> **Task goal**
Ignoring pictures, transcribe exactly the lines between the one containing "CeraVe PM Facial" and the end of the material, both included.

> **Data segment**
- - - - - - -

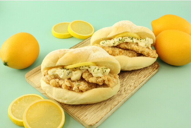 チキンフィレ竜田揚げにタルタルソースとレモンスライスをのせ、ふわふわの白パンにサンドしました。初夏の暑くなってきた時期にも、レモンの酸味で爽やかにガッツリ食べられます。
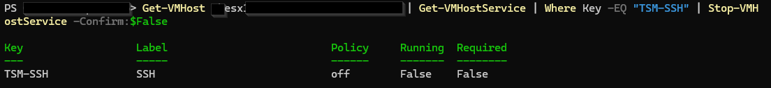 Get-VMHost monex | Get-VMHostService | Where Key -EQ « TSM-SSH » | Stop-VMHostService -Confirm:$False
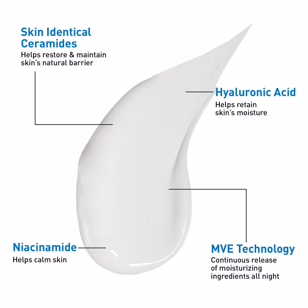 CeraVe PM Facial Moisturizing Lotion is a dermatologist-developed night moisturizer designed to hydrate, soothe, and help restore your skin’s natural protective barrier overnight. Formulated with three essential ceramides, niacinamide, and hyaluronic acid, this ultra-lightweight, oil-free lotion delivers continuous hydration using patented MVE® Technology to release moisture throughout the night. Its gentle, non-comedogenic, and fragrance-free formula makes it suitable for all skin types, including normal, combination, and sensitive skin.
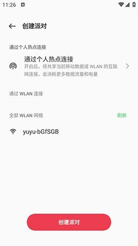 2、在音乐派对APP中点击“创建派对”,然后选择“通过个人热点连接”。

- - - - - - -

> **Exercise output**
 CeraVe PM Facial Moisturizing Lotion is a dermatologist-developed night moisturizer designed to hydrate, soothe, and help restore your skin’s natural protective barrier overnight. Formulated with three essential ceramides, niacinamide, and hyaluronic acid, this ultra-lightweight, oil-free lotion delivers continuous hydration using patented MVE® Technology to release moisture throughout the night. Its gentle, non-comedogenic, and fragrance-free formula makes it suitable for all skin types, including normal, combination, and sensitive skin.
 2、在音乐派对APP中点击“创建派对”,然后选择“通过个人热点连接”。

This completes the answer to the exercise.